● MATERIAL PROVIDED:
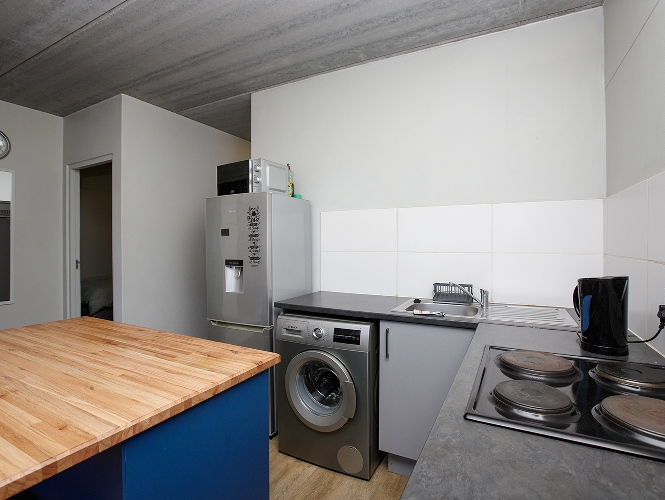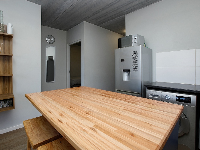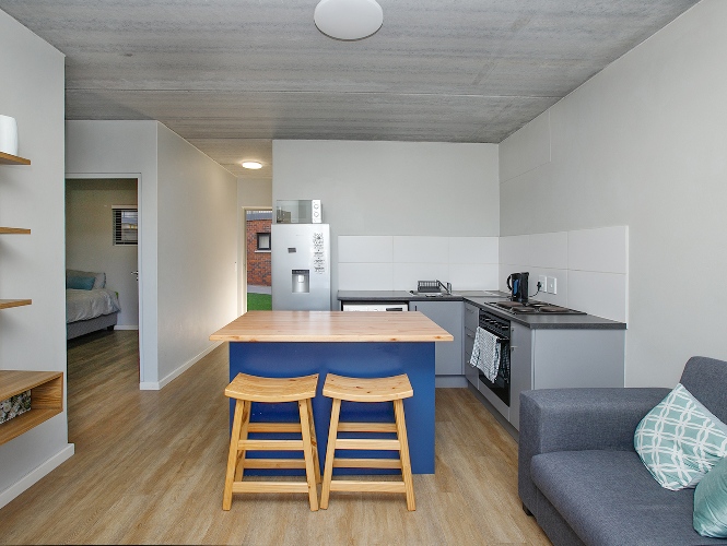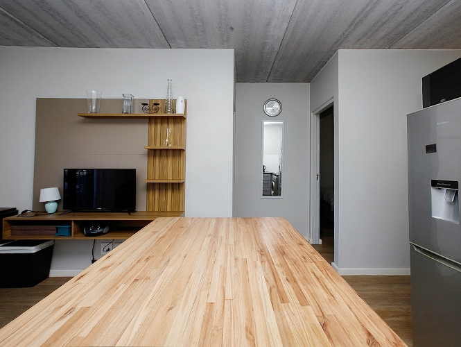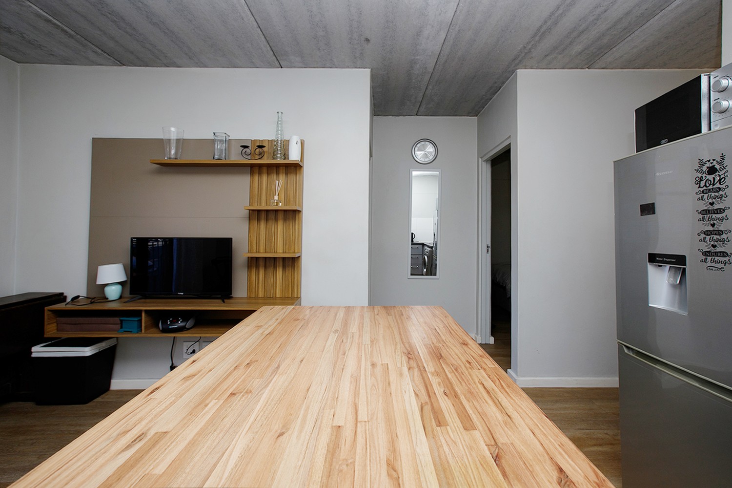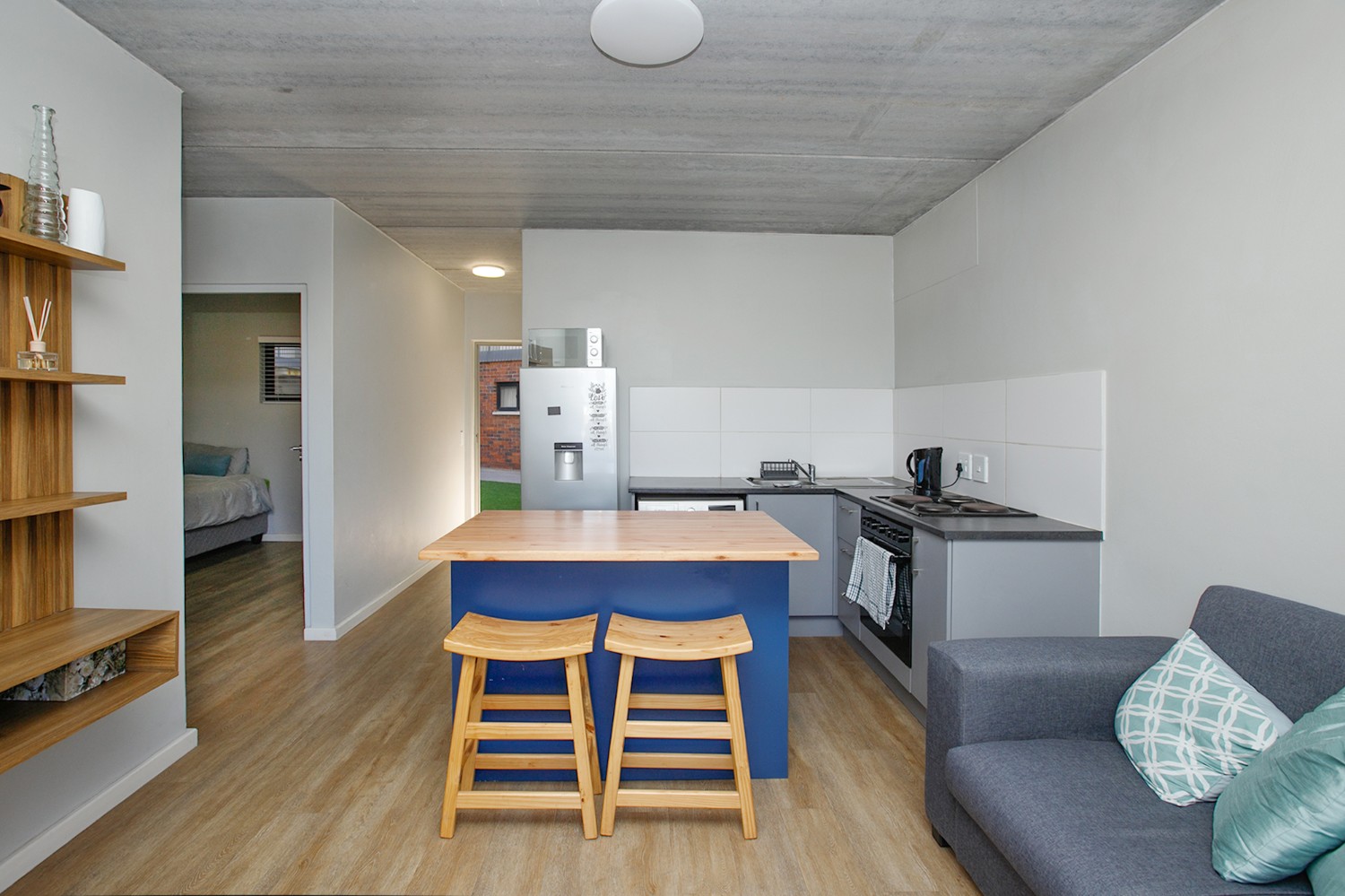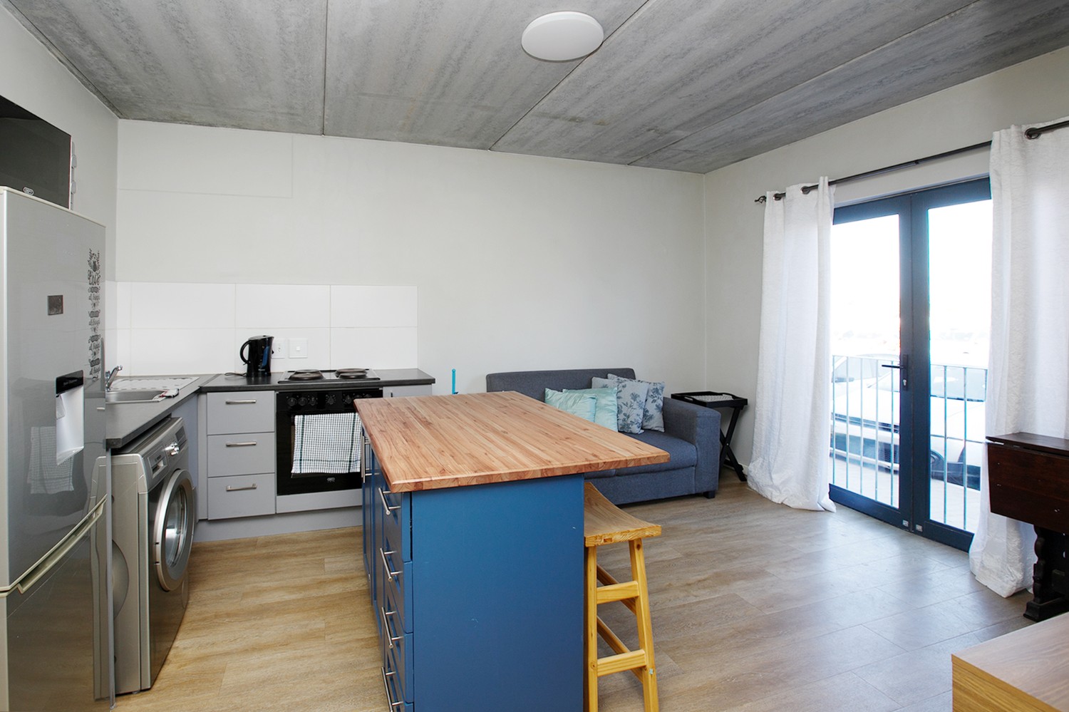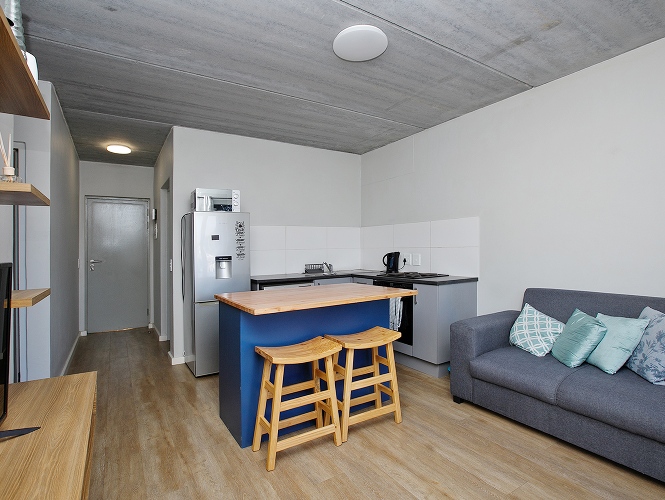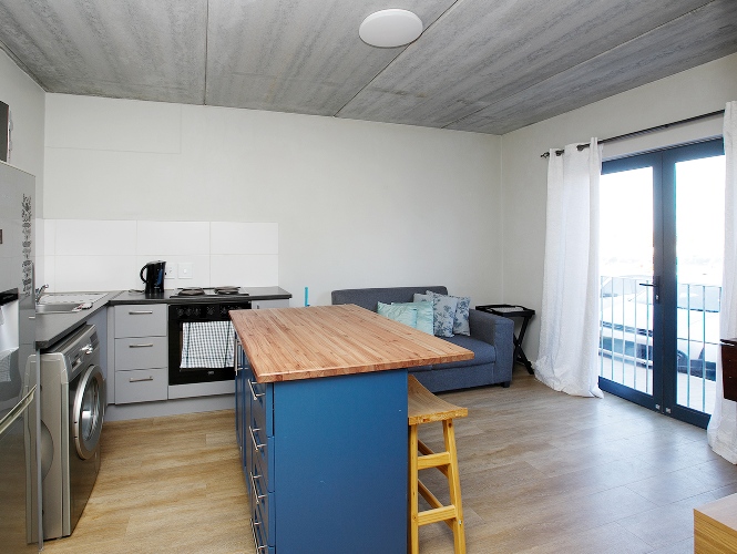 Upon arrival, you are welcomed into a bright open-plan lounge and kitchen area. The kitchen offers minimal built-in cupboards, providing a great opportunity to customize the space to your taste.
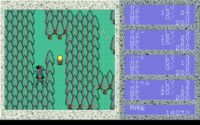Progression in Iraisha wa Monster? caps at around level 10, reflecting its episodic structure as the first installment of Disc Saga. This bite-sized approach keeps the difficulty curve tight and the narrative focused, but it also means growth comes in measured increments. Every victory against goblins or minor boss grants incremental HP or MP gains, and by the time you reach the northern forest stronghold you’ll already see the four heroes living up to their titles—though there’s always room for more strategy and party synergy in later episodes.
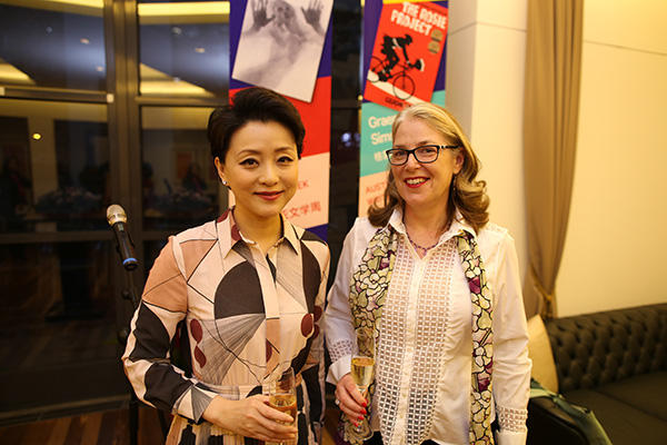 TV hostess Yang Lan (left) and Australian Ambassador to China Jan Adams attend a ceremony marking the start of Australian Writers Week at the Australian embassy in Beijing on March 20.[Photo provided to China Daily] |
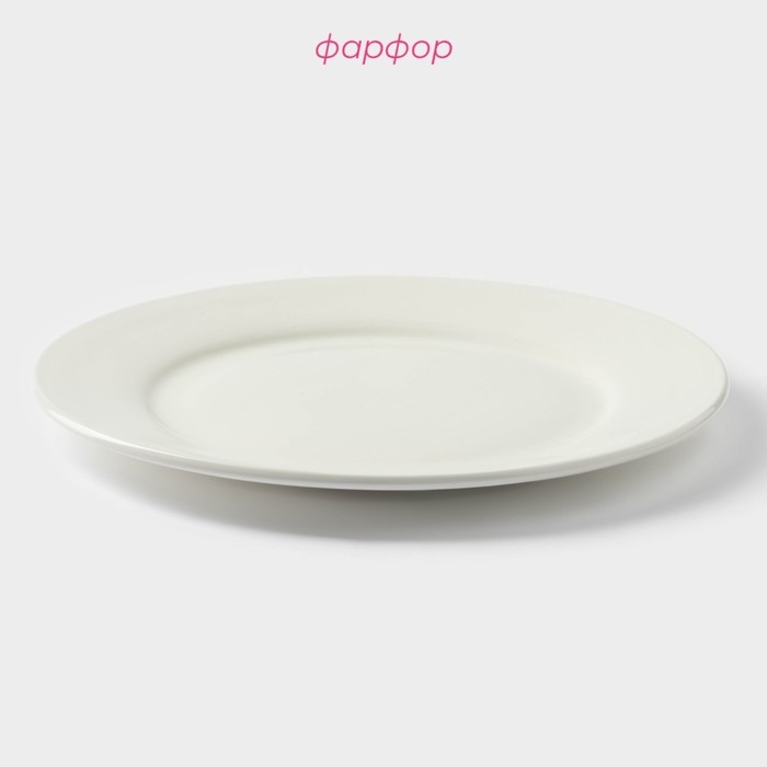 Тарелка фарфоровая обеденная с утолщённым краем Доляна White Label, d=25 см, цвет белый

● WHAT YOU HAVE TO DO:
Leaving aside the pictures, copy the listing above exactly.

● WRITTEN SOLUTION:
 Upon arrival, you are welcomed into a bright open-plan lounge and kitchen area. The kitchen offers minimal built-in cupboards, providing a great opportunity to customize the space to your taste.
Progression in Iraisha wa Monster? caps at around level 10, reflecting its episodic structure as the first installment of Disc Saga. This bite-sized approach keeps the difficulty curve tight and the narrative focused, but it also means growth comes in measured increments. Every victory against goblins or minor boss grants incremental HP or MP gains, and by the time you reach the northern forest stronghold you’ll already see the four heroes living up to their titles—though there’s always room for more strategy and party synergy in later episodes.
 TV hostess Yang Lan (left) and Australian Ambassador to China Jan Adams attend a ceremony marking the start of Australian Writers Week at the Australian embassy in Beijing on March 20.[Photo provided to China Daily] |
 Тарелка фарфоровая обеденная с утолщённым краем Доляна White Label, d=25 см, цвет белый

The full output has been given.